Example to patch the protocol

kubectl patch endpoints kubernetes --type='json' -n default -p='[{"op": "replace", "path": "/subsets/0/ports/0/protocol", "value":"UDP"}]'

To reset to default

kubectl patch endpoints kubernetes --type='json' -n default -p='[{"op": "replace", "path": "/subsets/0/ports/0/protocol", "value":"TCP"}]'

Anything else we need to know?:

The resetting behaviour of the IP address prevents #97076 being used to MITM traffic to the kubernetes API, so that's good.

Environment:

Kubernetes version (use kubectl version):
Client Version: version.Info{Major:"1", Minor:"21", GitVersion:"v1.21.2", GitCommit:"092fbfbf53427de67cac1e9fa54aaa09a28371d7", GitTreeState:"clean", BuildDate:"2021-06-16T12:59:11Z", GoVersion:"go1.16.5", Compiler:"gc", Platform:"darwin/amd64"}
Server Version: version.Info{Major:"1", Minor:"21", GitVersion:"v1.21.2", GitCommit:"092fbfbf53427de67cac1e9fa54aaa09a28371d7", GitTreeState:"clean", BuildDate:"2021-06-16T12:53:14Z", GoVersion:"go1.16.5", Compiler:"gc", Platform:"linux/amd64"}
Cloud provider or hardware configuration:
Kubernetes enabled on docker desktop on macos
OS (e.g: cat /etc/os-release):

Kernel (e.g. uname -a):
N/A
Install tools:
Network plugin and version (if this is a network-related bug):
Others:

The text was updated successfully, but these errors were encountered:

neolit123 · 2021-08-16T16:43:13Z

/sig network
/kind support
for triage

you might get more responses on:
http://git.k8s.io/kubernetes/SUPPORT.md

khenidak · 2021-08-19T19:52:05Z

/triage needs-information
/sig network
/assign @khenidak

@RichardoC was this an endpoint created automatically (by endpoint controller in response to service's selector) or a manually created endpoint?

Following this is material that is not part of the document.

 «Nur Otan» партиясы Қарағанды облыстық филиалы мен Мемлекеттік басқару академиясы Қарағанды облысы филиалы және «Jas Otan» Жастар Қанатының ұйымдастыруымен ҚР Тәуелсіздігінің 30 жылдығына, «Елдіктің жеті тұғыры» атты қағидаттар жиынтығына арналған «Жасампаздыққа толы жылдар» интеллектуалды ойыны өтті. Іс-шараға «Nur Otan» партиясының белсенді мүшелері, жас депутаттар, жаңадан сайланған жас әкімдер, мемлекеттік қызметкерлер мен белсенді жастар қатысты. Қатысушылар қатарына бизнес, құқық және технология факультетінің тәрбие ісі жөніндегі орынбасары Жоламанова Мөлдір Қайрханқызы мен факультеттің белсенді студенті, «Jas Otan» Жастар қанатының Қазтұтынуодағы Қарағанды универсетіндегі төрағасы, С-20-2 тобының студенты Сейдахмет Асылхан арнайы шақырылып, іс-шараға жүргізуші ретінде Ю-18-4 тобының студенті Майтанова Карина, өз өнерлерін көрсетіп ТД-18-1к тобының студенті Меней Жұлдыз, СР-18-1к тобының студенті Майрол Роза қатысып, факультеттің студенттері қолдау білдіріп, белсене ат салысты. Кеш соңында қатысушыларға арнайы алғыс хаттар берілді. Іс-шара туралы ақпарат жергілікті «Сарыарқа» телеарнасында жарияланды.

thockin · 2021-08-19T20:32:42Z

I confirm I can repro this. From pkg/controlplane/reconcilers/instancecount.go:

// Requirements:
//  * All apiservers MUST use the same ports for their {rw, ro} services.
//  * All apiservers MUST use ReconcileEndpoints and only ReconcileEndpoints to manage the
//      endpoints for their {rw, ro} services.
//  * All apiservers MUST know and agree on the number of apiservers expected
//      to be running (c.masterCount).
//  * ReconcileEndpoints is called periodically from all apiservers.

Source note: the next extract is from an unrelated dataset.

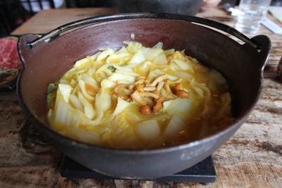東恋路店に行ったら大混雑だったので、同じ支店のこちらに行ってみました。本来のほうとうは、お肉が入らず野菜のみだそうで、こちらのお店のほうとうは一種類だけ。楽しみにして行ったのですが、かぼちゃが煮崩れていて、見た目がカレーうどんのようでした。邪道かもしれませんが、私はお肉が入っているほうが好みです。

That's not super helpful. It looks like that code INTENDS to fix ports, but it's not obvious at a glance why it doesn't. Oh. That's WAY up-stack in pkg/controlplane/controller.go:

        // Service definition is not reconciled after first     
        // run, ports and type will be corrected only during
        // start.   
        if err := c.UpdateKubernetesService(false); err != nil {

I don't immediately see why that can't be true (or frankly, why it is a param at all). Some archaeology may be needed, but this doesn't seem particularly hard.

/triage accepted

RichardoC · 2021-08-20T08:31:13Z

/triage needs-information
/sig network
/assign @khenidak

@RichardoC was this an endpoint created automatically (by endpoint controller in response to service's selector) or a manually created endpoint?

This was created automatically for a service (kubernetes service in default namespace for this example)

k8s-triage-robot · 2021-11-18T08:48:33Z

The Kubernetes project currently lacks enough contributors to adequately respond to all issues and PRs.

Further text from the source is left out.